Rechtsfolgen, Strafen und Bußgelder

Verbraucher haben unmittelbar aus dem UWG keinen Anspruch auf Unterlassung. Hier muss auf das BGB ausgewichen werden, wobei regelmäßig die Wertungen des UWG gleichermaßen herangezogen werden können.

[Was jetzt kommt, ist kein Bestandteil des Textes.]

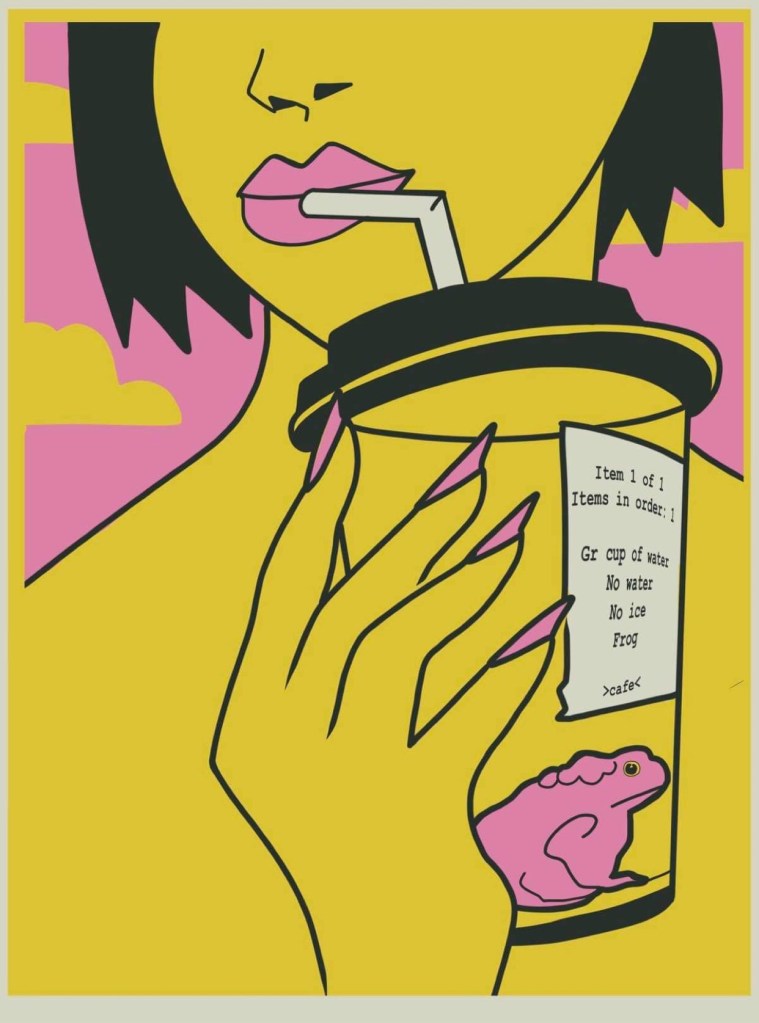 Retro ninties comic-book vintage advertising I call ‘hot girl cafe’ – I like this style, I’d love to animate it somehow, possibly using light boxes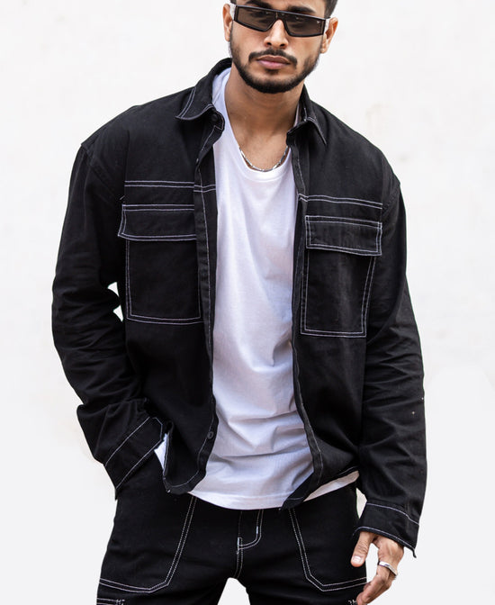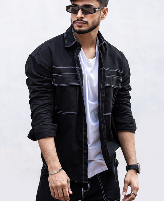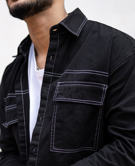 Black Contrast Stitch Oversize Drop Shoulder Shirt D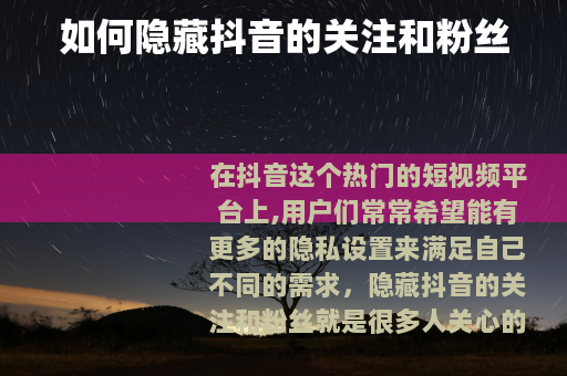在抖音这个热门的短视频平台上,用户们常常希望能有更多的隐私设置来满足自己不同的需求,隐藏抖音的关注和粉丝就是很多人关心的一个功能。

Dagegen können Mitbewerber und Kammern wie beispielsweise die Handwerkskammer oder auch Vereine wie eine Wettbewerbszentrale, einen Unterlassungsanspruch direkt aus dem UWG geltend machen. Regelmäßig wird der in Form einer Abmahnung zusammen mit der Forderung nach einer strafbewehrten Unterlassungserklärung geltend gemacht. Die Kosten der Abmahnung trägt nach § 12 UWG der Verletzer.

Geht er dagegen darauf nicht ein, drohen Unterlassungsklage bzw. Einstweilige Verfügung. Die Kosten richten sich nach dem Streitwert, der in Wettbewerbsstreitigkeiten regelmäßig fünfstellige Summen bildet. Außerdem bestehen nach § 9 bzw. § 10 UWG Ansprüche auf Schadenersatz und Gewinnabschöpfung. Zuständig für gerichtliche Verfahren nach dem UWG ist das Landgericht am Ort der Niederlassung des Beklagten.

Werbeanrufe bei einem Verbraucher ohne dessen Einwilligung können als Ordnungswidrigkeit durch die zuständige Behörde laut § 20 UWG mit einer Geldbuße bis 50.000 Euro geahndet werden.